• _Stored data entries_
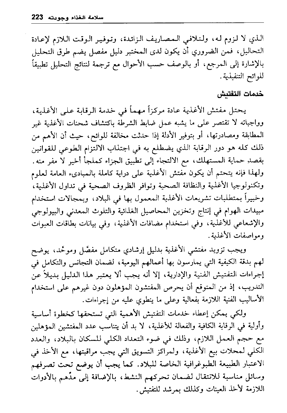 المخالفات المشتبه في وقوعها إلا عن طريق المختبرات. وفي حالات كثيرة يكون التحليل في المختبرات ضروريا لكي يتسنى اتخاذ القرار السليم، فيما يتعلق بصلاحية المواد الغذائية أو استساغتها أو مطابقتها للتركيب المنصوص عليه بالقوانين أو المعلن على بطاقاتها.
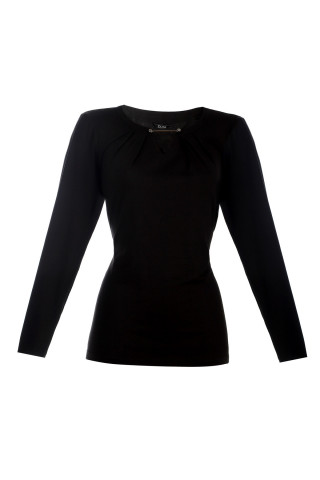 An elegant, solid-colored tunic with a V-neckline and long sleeves. The striking detail at the neckline and subtle pleats make this model unique. It pairs perfectly with other pieces from the Luna collection.
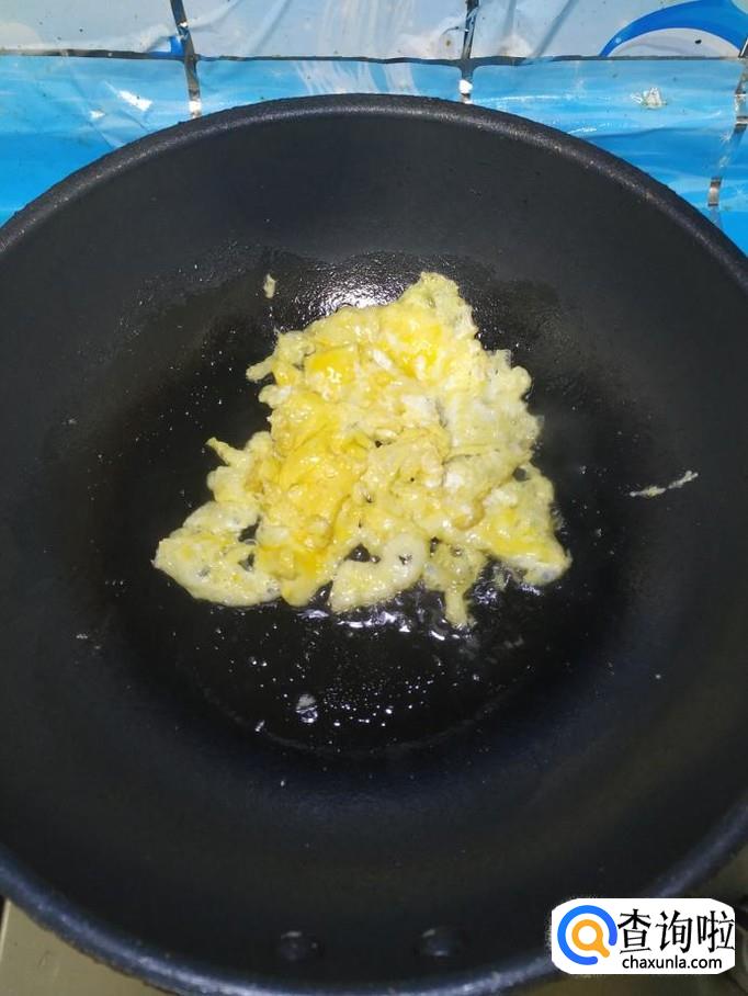 碗中打入一个鸡蛋,加入适量食盐打散,炒锅中放入适量油,油热后将鸡蛋液倒入锅中炒熟。
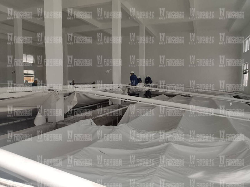 浙江仙琚制藥股份有限公司廢水站室內鋼膜結構項目位于浙江省臺州市仙居縣內,此工程膜結構展開面積2300平米,由寧波萬豪空間結構工程有限公司承建。
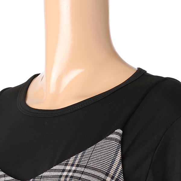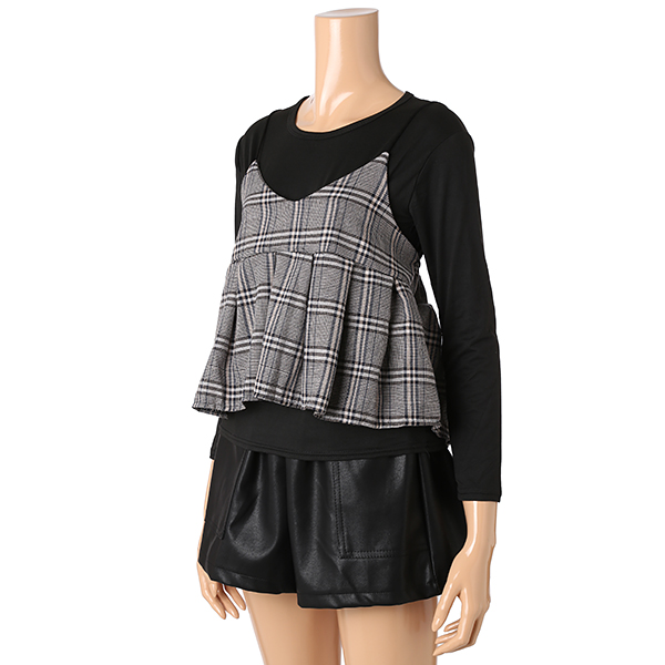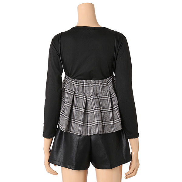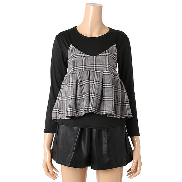 피트한 탑에 고급스런 체크 뷔스티에가 세트인 디자인으로
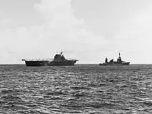 In mid-August, Northampton sailed for the Southwest Pacific to join in the Guadalcanal operation. She patrolled southeast of San Cristobal, where on 15 September her force was attacked by submarines, which sank Wasp and damaged North Carolina, and another torpedo hit badly damaged O'Brien only 800 yd (730 m) off Northampton's port beam. Now sailing with Hornet, Northampton screened the carrier during attacks on Bougainville Island on 5 October.[5]
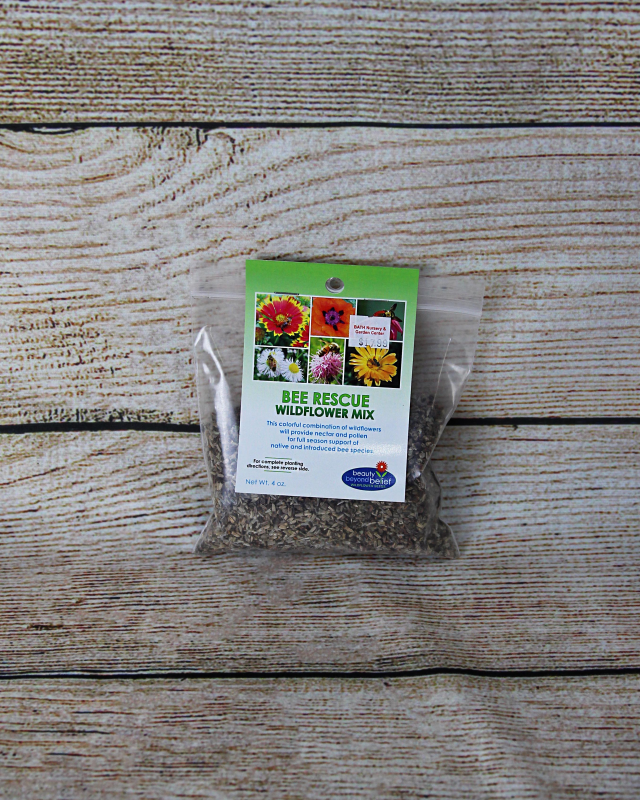 This includes a colorful combination of wildflowers that will provide nectar and pollen for full-season support of native and introduced bee species. Our “Bee Rescue Mix” has been designed to include the absolute best species to support the health and vitality for a wide range of native pollinators as well as the honey bee. These flowers attract the most pollinators and will do well over the most growing zones. Suitable for zones 2-9.

• _What the task requires_
Only what runs from the line holding "碗中打入一个鸡蛋,加入适量食" through the end of the entries above is to be given again, exactly, with every picture omitted.

• _Answer for this exercise_
 碗中打入一个鸡蛋,加入适量食盐打散,炒锅中放入适量油,油热后将鸡蛋液倒入锅中炒熟。
 浙江仙琚制藥股份有限公司廢水站室內鋼膜結構項目位于浙江省臺州市仙居縣內,此工程膜結構展開面積2300平米,由寧波萬豪空間結構工程有限公司承建。
 피트한 탑에 고급스런 체크 뷔스티에가 세트인 디자인으로
 In mid-August, Northampton sailed for the Southwest Pacific to join in the Guadalcanal operation. She patrolled southeast of San Cristobal, where on 15 September her force was attacked by submarines, which sank Wasp and damaged North Carolina, and another torpedo hit badly damaged O'Brien only 800 yd (730 m) off Northampton's port beam. Now sailing with Hornet, Northampton screened the carrier during attacks on Bougainville Island on 5 October.[5]
 This includes a colorful combination of wildflowers that will provide nectar and pollen for full-season support of native and introduced bee species. Our “Bee Rescue Mix” has been designed to include the absolute best species to support the health and vitality for a wide range of native pollinators as well as the honey bee. These flowers attract the most pollinators and will do well over the most growing zones. Suitable for zones 2-9.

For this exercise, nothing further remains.